Professional ratings
Review scores
| Source | Rating |
| Allmusic | Star |

== Track listing ==

Side A
| No. | Title | Writer(s) | Artist | Length |
|---|---|---|---|---|
| 1. | "This Is What We Do" | M.C. Hammer | M.C. Hammer | 4:56 |
| 2. | "Spin That Wheel" | El Sati; Kovali; Ya Kid K; | Hi Tek 3 | 3:51 |
| 3. | "Family" | Monty Seward | Riff | 4:50 |
| 4. | "9.95" | Charlie Midnight; Dan Hartman; | Spunkadelic | 4:00 |
| 5. | "Turtle Power" | James P. Alpern; Richard A. Usher Jr.; | Partners in Kryme | 4:21 |

Side B
| No. | Title | Writer(s) | Artist | Length |
|---|---|---|---|---|
| 1. | "Let the Walls Come Down" | Johnny Kemp; Rhett Lawrence; | Johnny Kemp | 4:06 |
| 2. | "Every Heart Needs a Home" | Carl Sturken and Evan Rogers; Paul Peterson; | St.
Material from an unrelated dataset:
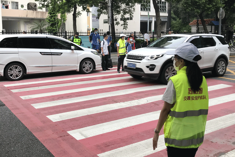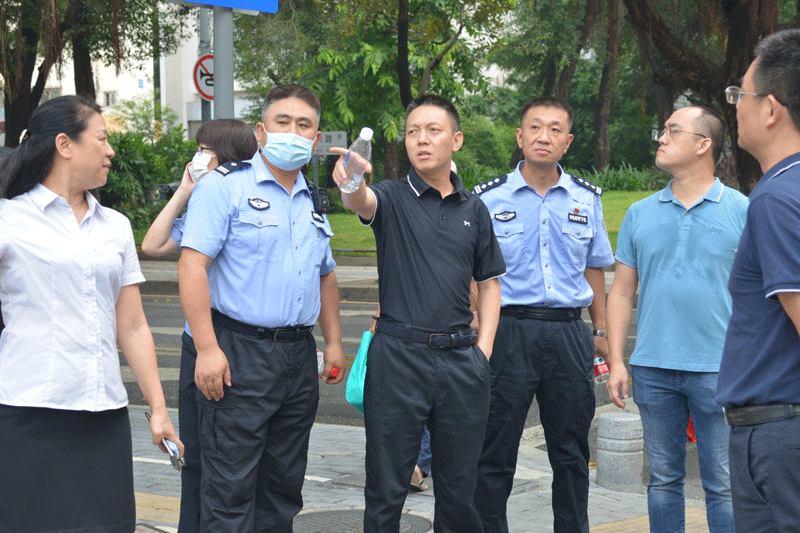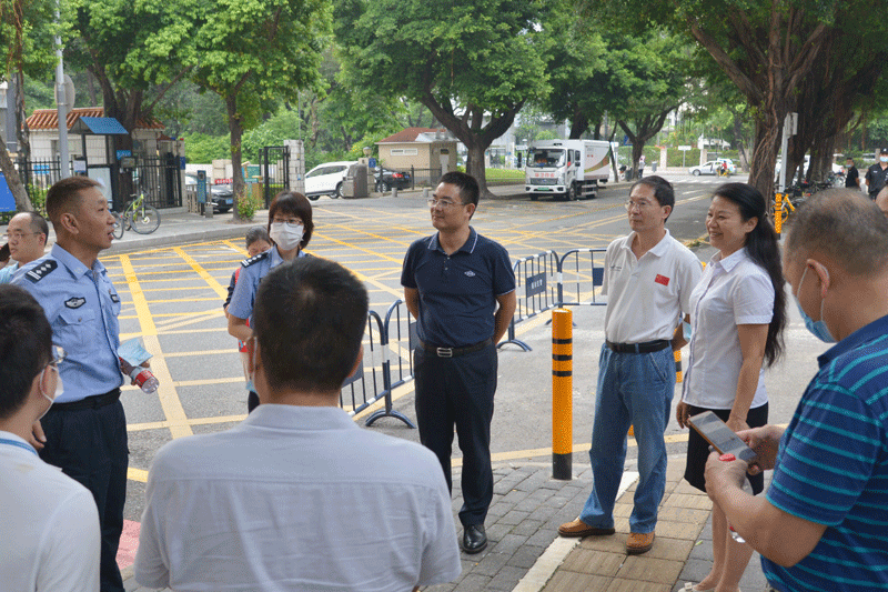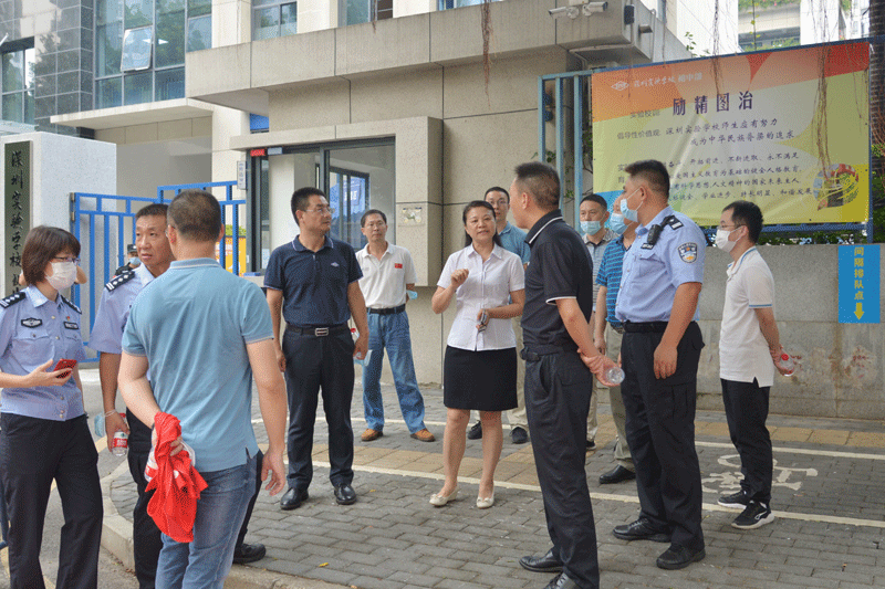 学校领导和社会相关安全管理部门高度重视学校面临的新问题。为了进一步排除安全隐患,确保全校师生的交通出行安全,9月2日下午3时,由冯维丹、邓旭两位副校长带队,集团安全主任张展波陪同,联合派出所林志强所长、李延如副所长、福田交管局纪辉兴局长、交警大队雷军队长、长城社区宋明阳书记、护校队刘国光队长以及卫生站、地铁施工相关负责人一起开展了一次联合实地安全考察、调研工作,并召开现场交通安全协调会,制定科学合理的交通疏导方案。

Paul | 5:06 |
| 3. | "Shredder's Suite" | John Du Prez | John Du Prez | 4:25 |
| 4. | "Splinter's Tale I & Splinter's Tale II" | Du Prez | John Du Prez (feat. Kevin Clash) | 5:28 |
| 5. | "Turtle Rhapsody" | David Frank; Du Prez; | Orchestra on the Half Shell | 3:44 |

==Charts==

| Chart (1990) | Peak position |
|---|---|
| Australian Albums (ARIA) | 7 |
| Canada Top Albums/CDs (RPM) | 10 |
| New Zealand Albums (RMNZ) | 22 |
| US Billboard 200 | 13 |

==Certifications==

| Region | Certification | Certified units/sales |
| Australia (ARIA) | Gold | 35,000^{^} |
| Canada (Music Canada) | Platinum | 100,000^{^} |
| United Kingdom (BPI) | Gold | 100,000^{^} |
| United States (RIAA) | Platinum | 1,000,000^{^} |
| United States (RIAA) Video | Gold | 50,000^{^} |
^{^} Shipments figures based on certification alone.